# Ripley died



## Bathory (Dec 17, 2017)

So this morning I woke up to find my Rhombodera, Ripley, on the floor of her enclosure. Her antennae were half gone and her raptors were twitching sporadically.





I knew there was pretty much 0% chance she would make it but I tried offering her honey and water. Her mouth wouldn't move so I suspect she was already dead if not very close. After half an hour I had to put her in the freezer. She had her final molt less than a month ago so this wasn't old age, but I suspect genetic issues or damage from the molt since she had to be saved and turned so she could expand her wings. Can't believe I'm this sad over an insect but she was my first adult and a real problem child.


----------



## CosbyArt (Dec 17, 2017)

@Bathory I'm sorry about Ripley, that is a shame she was too young.  Knowing you are sad though shows how emotionally attached you got to her. Proving you did everything you could while you had her, and spoiled her.

Sadly though that is a aspect of our hobby, the short lifespans (even if it was from old age), and lack of any medical help for them. You are likely right that it was a molt issue, especially if she had a problem.

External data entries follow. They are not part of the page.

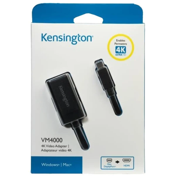 Der VM4000 4K Videoadapter Mini DisplayPort auf HDMI von Kensington ermöglicht es Inhalte des Laptopbildschirms in 4K Ultra-HD auf einem 4K-Monitor, TV-Gerät oder Projektor anzuzeigen, auch wenn das Notebook nicht über eine 4K-Grafikkarte verfügt. Der VM4000 4K-Videoadapter wird einfach in den Mini DisplayPort am Laptop eingesteckt und mit dem HMDI-Anschluss am Monitor, Projektor oder TV-Gerät verbunden. Für eine gesteigerte Produktivität durch die scharfe und klare 4K-Anzeige, mit der sich mehr Inhalt auf einem Einzelbildschirm anzeigen lässt, braucht man lediglich diesen Adapter.Art.-Nr.: 1273174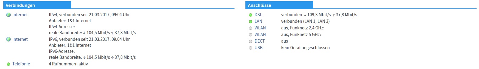 Im Anhang habe ich die Geschwindigkeitsauswertungen der FritzBox für meinen Anschluss.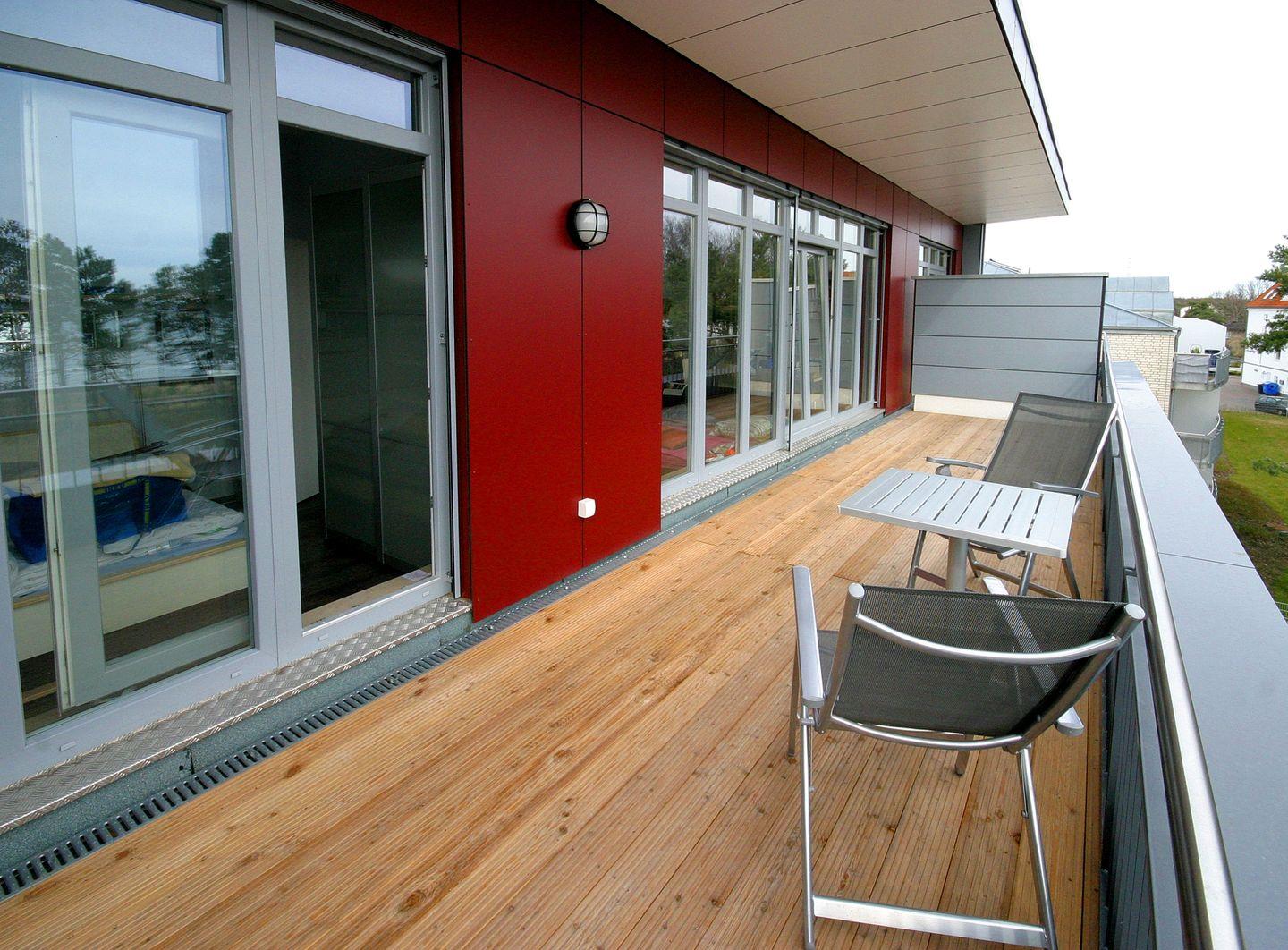 Entfliehen Sie dem Alltag im spektakulären Penthouse-Appartement „Meerundmehr“. Die lichtdurchflutete Ferienwohnung besticht durch eine 25 qm große Dachterrasse, die sich über die gesamte Front der Wohnung erstreckt und atemberaubende Ausblicke auf die Ostsee bietet. Gönnen Sie sich das Besondere und genießen Sie hier bei absoluter Ruhe das Meeresrauschen und entspannte Stunden unter freiem Himmel. In der voll ausgestatteten Küche fehlt es an nichts. Ein privater PKW-Stellplatz, ein Fahrstuhl und ein abgeschlossener Fahrradraum runden Ihr komfortables Urlaubserlebnis ab.

Many of us get really attached to our mantids. I know I did the same with my first mantid, and took a similar photo even. So know you are among people who understand and care.


----------



## Bathory (Dec 17, 2017)

@CosbyArt Thank you, I was expecting her to live a bit longer than she did. She went like your Susanna, legs curled but raptors moving. It was pretty scary to see because I didn't know if she was even alive at that point. It was just so unexpected, since she was far too young and had eaten and climbed around like usual just the night before.I got her as a subadult so I only had her for a short while but it sure was a ride, with a mismolt scare and her freaking me out when she was hungry and grumpy. I had to help her hunt because one of her raptors dried lopsided and she would grab the substrate instead of the food haha.


----------



## Connor (Dec 17, 2017)

I’m so sorry to hear about Ripley   ... it’s always tough when they die in a mystery and you have no idea what happened:... it’s so weird that she showed no symptoms. Hopefully your other mantis can help comfort you while she is away.


----------



## CosbyArt (Dec 17, 2017)

@Bathory I don't blame you, the jerky raptor movements appeared to me as a sign of distress, and I placed Susanna in the freezer. Thankfully though, from the many mantids I've had, their passing is usually much less dramatic or done overnight.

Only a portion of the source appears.